---------- PROVIDED RECORDS

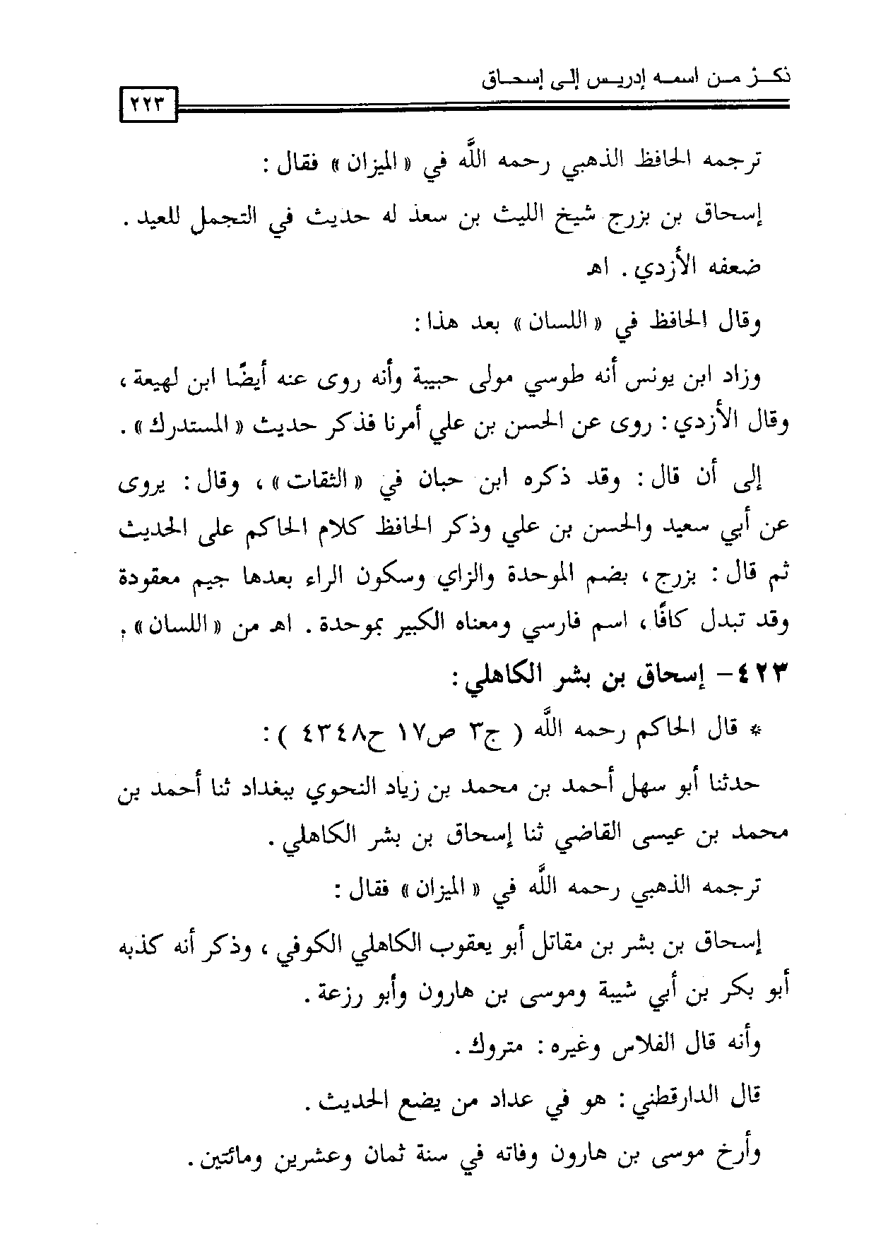 حدثنا أبو سهل أحمد بن محمد بن زياد النحوي ببغداد، ثنا أحمد بن محمد بن عيسى القاضي، ثنا إسحاق بن بشر الكاهلي.
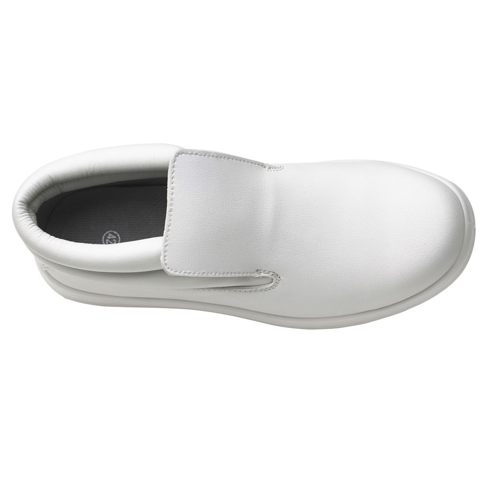 Our lightweight minimal design all white padded ankle boot is a great choice for all day support and comfort. It has breathable liner with a steel toe cap to keep you protected at all times. Perfect for use in a variety of environments especially where hygiene and cleanliness are of upmost importance.
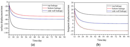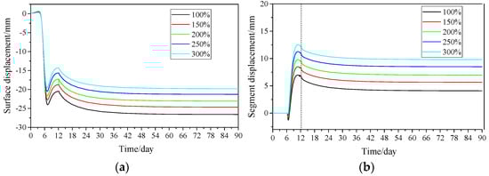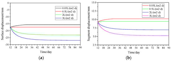 Displacement of surface and tunnel under different tunnel seepage volume. (a) Development of surface displacement with time; (b) Development of segment displacement with time.
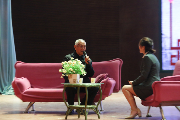 在“国学有约”访谈环节,主持人对颜教授进行了采访,当问到对青年学子的寄语时,94岁高龄、义务传授国学经典三十年如一日的颜景松教授勉励广大青年学生:“要保持对国学经典的学习热情,树立民族文化自信,担负起家国使命,学以致用,做好新时代的接班人”,现场同学们报以热烈的掌声。
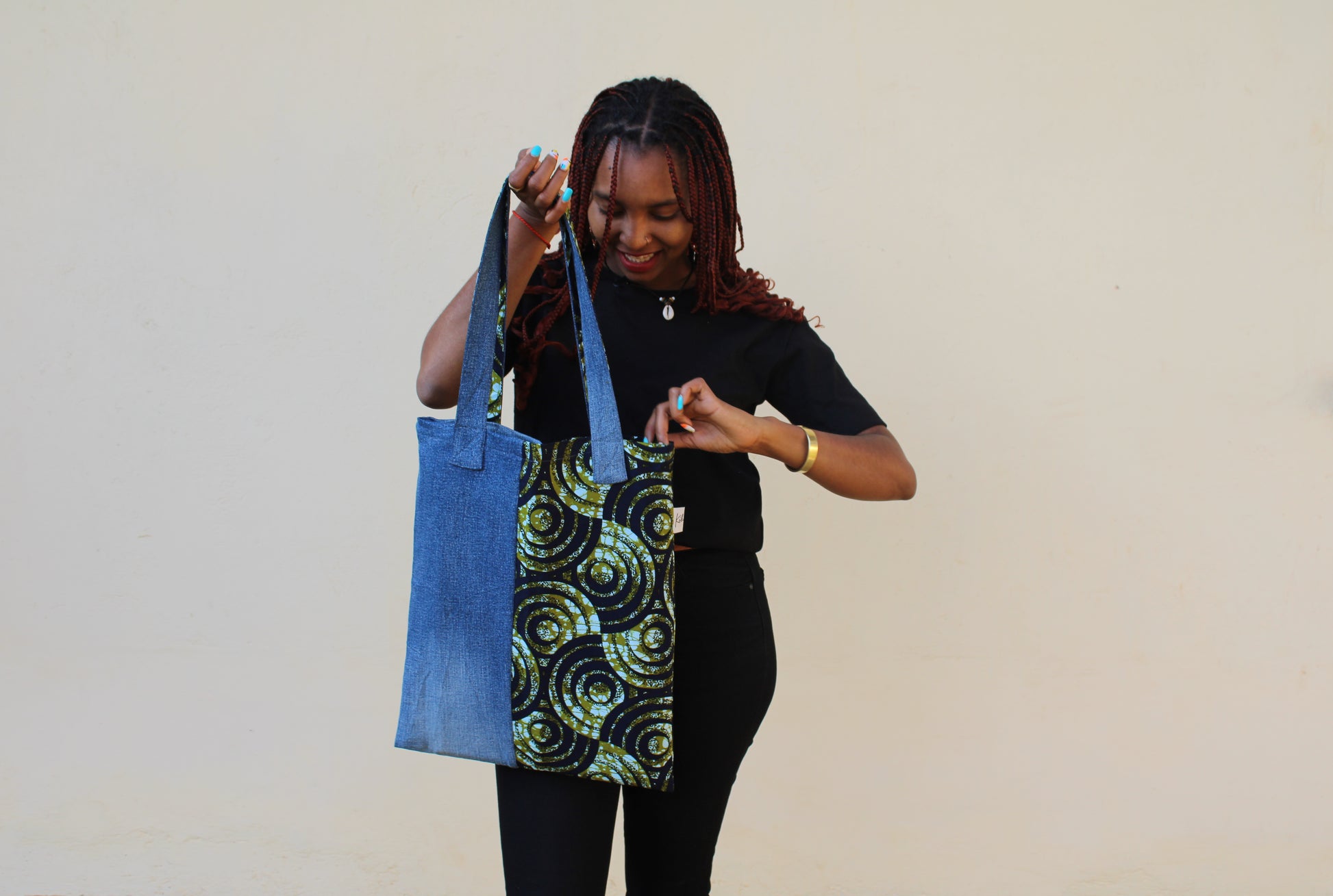 This Denim Tote Bag combines repurposed denim with vibrant chitenje fabric for a stylish and eco-friendly look. Spacious and versatile, it’s perfect for carrying everything from your school books and laptop to groceries and everyday essentials. With its bold colors and sturdy design, this tote is your go-to bag for any occasion.
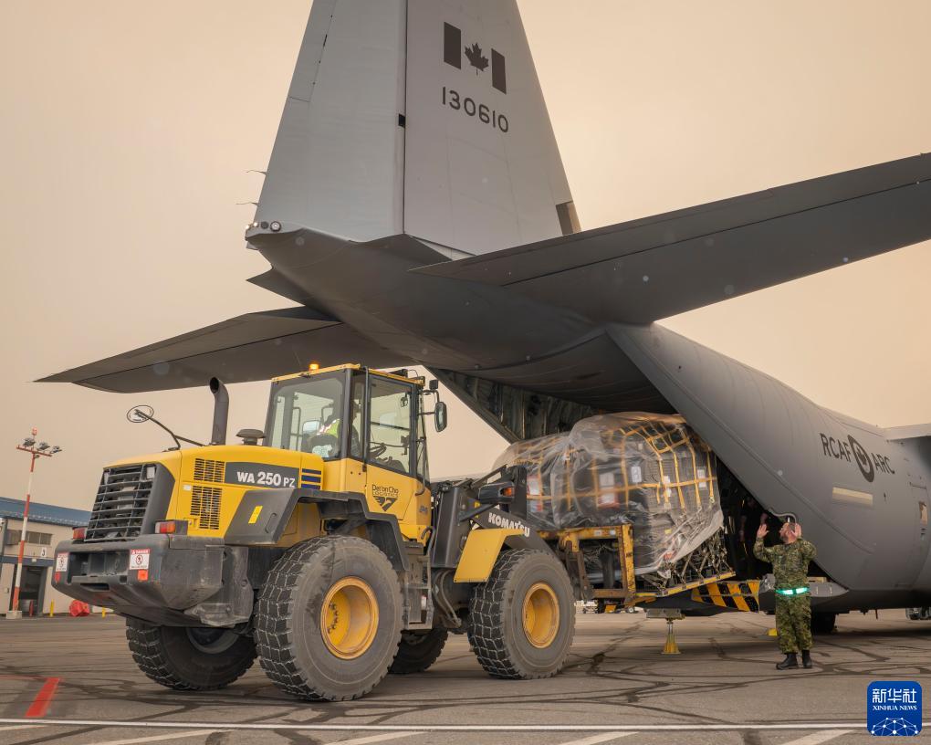這張加拿大武裝部隊8月14日拍攝的照片顯示一架軍機在耶洛奈夫機場卸載救災物品。
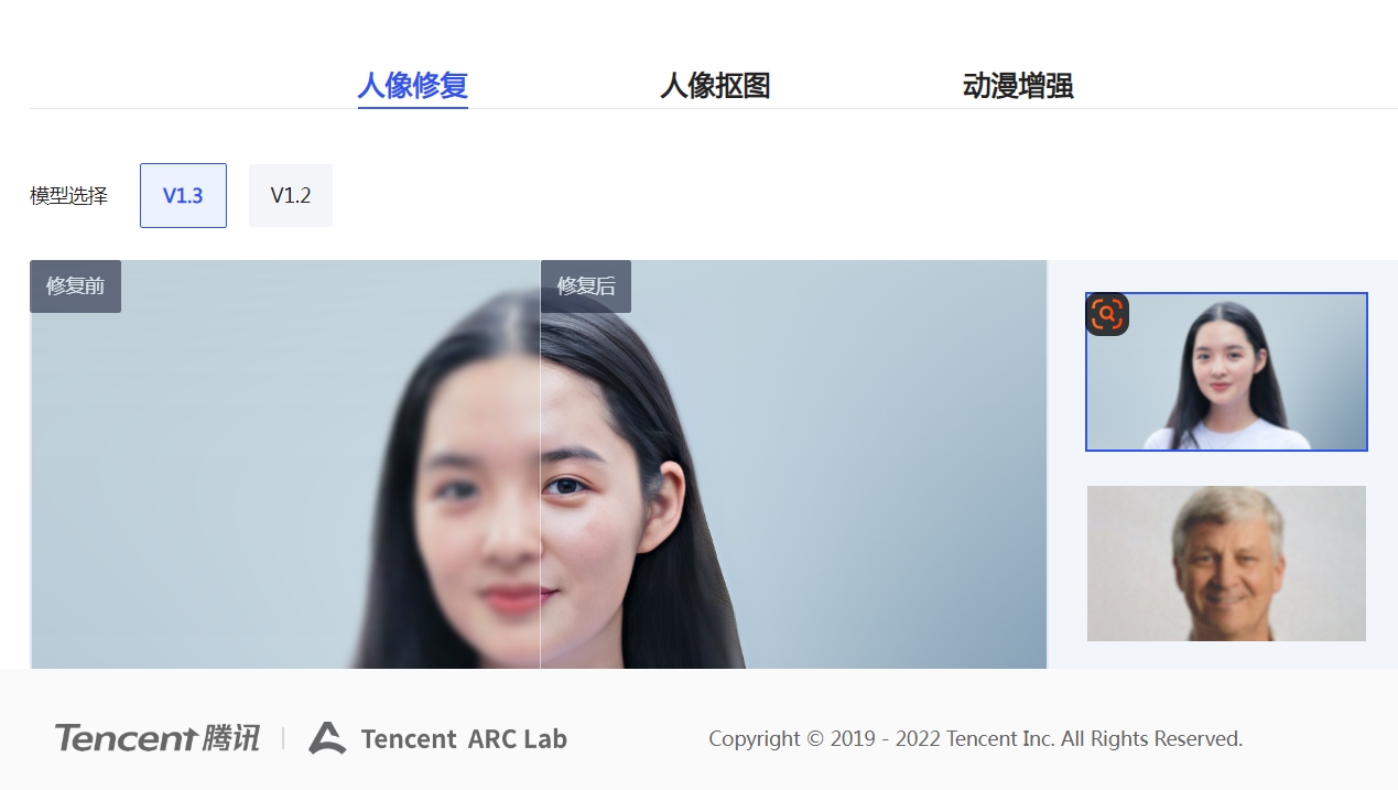 https://arc.tencent.com/zh/ai-demos/faceRestoration
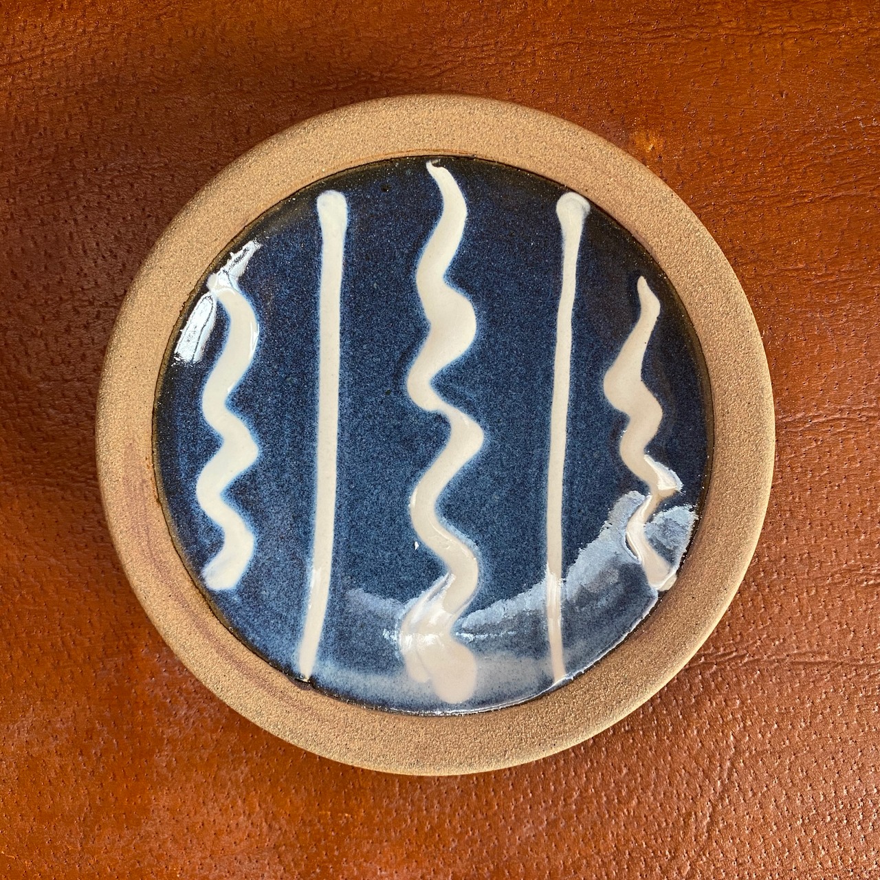 15.丹波焼 丹窓窯 5寸平皿 イッチン 青
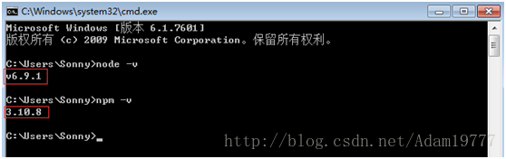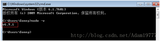 npm集成在node中的,所以直接输入npm-v查看npm的版本信息
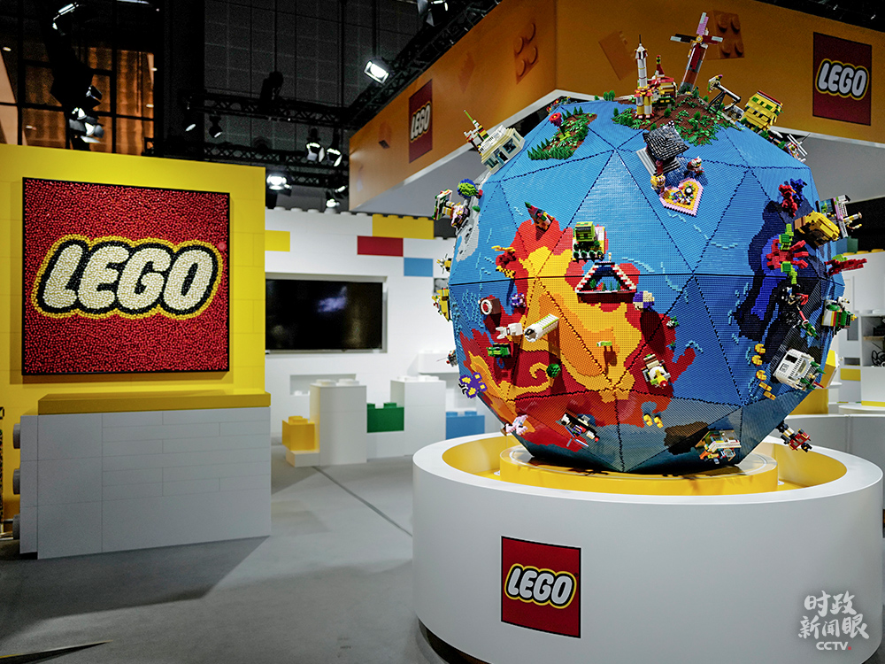△這是進(jìn)博會(huì)消費(fèi)品展區(qū)的“樂(lè)造星球”展品,高2.7米(含底座),共包含62750塊樂(lè)高積木顆粒,顆?傊亓窟_(dá)106千克。(總臺(tái)國(guó)廣記者李晉拍攝)
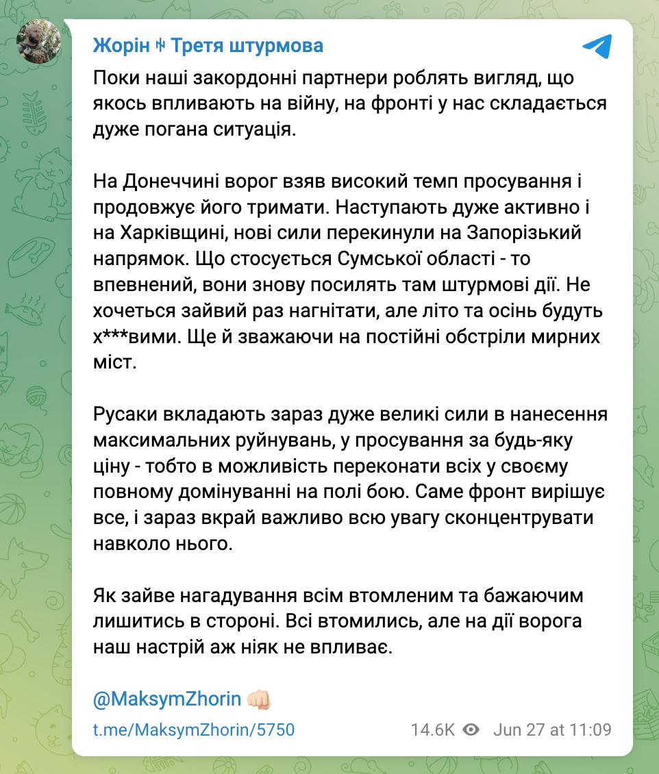 «Не хочеться додаткового нагнітання, але літо та осінь будуть несприятливими. Ще й з урахуванням постійних обстрілів мирних міст», - пише Жорін.

--------------------

> _ASSIGNMENT_:
Set down the entire material verbatim, with each picture left out.

> _YOUR SOLUTION_:
 حدثنا أبو سهل أحمد بن محمد بن زياد النحوي ببغداد، ثنا أحمد بن محمد بن عيسى القاضي، ثنا إسحاق بن بشر الكاهلي.
 Our lightweight minimal design all white padded ankle boot is a great choice for all day support and comfort. It has breathable liner with a steel toe cap to keep you protected at all times. Perfect for use in a variety of environments especially where hygiene and cleanliness are of upmost importance.
 Displacement of surface and tunnel under different tunnel seepage volume. (a) Development of surface displacement with time; (b) Development of segment displacement with time.
 在“国学有约”访谈环节,主持人对颜教授进行了采访,当问到对青年学子的寄语时,94岁高龄、义务传授国学经典三十年如一日的颜景松教授勉励广大青年学生:“要保持对国学经典的学习热情,树立民族文化自信,担负起家国使命,学以致用,做好新时代的接班人”,现场同学们报以热烈的掌声。
 This Denim Tote Bag combines repurposed denim with vibrant chitenje fabric for a stylish and eco-friendly look. Spacious and versatile, it’s perfect for carrying everything from your school books and laptop to groceries and everyday essentials. With its bold colors and sturdy design, this tote is your go-to bag for any occasion.
這張加拿大武裝部隊8月14日拍攝的照片顯示一架軍機在耶洛奈夫機場卸載救災物品。
 https://arc.tencent.com/zh/ai-demos/faceRestoration
 15.丹波焼 丹窓窯 5寸平皿 イッチン 青
 npm集成在node中的,所以直接输入npm-v查看npm的版本信息
△這是進(jìn)博會(huì)消費(fèi)品展區(qū)的“樂(lè)造星球”展品,高2.7米(含底座),共包含62750塊樂(lè)高積木顆粒,顆?傊亓窟_(dá)106千克。(總臺(tái)國(guó)廣記者李晉拍攝)
 «Не хочеться додаткового нагнітання, але літо та осінь будуть несприятливими. Ще й з урахуванням постійних обстрілів мирних міст», - пише Жорін.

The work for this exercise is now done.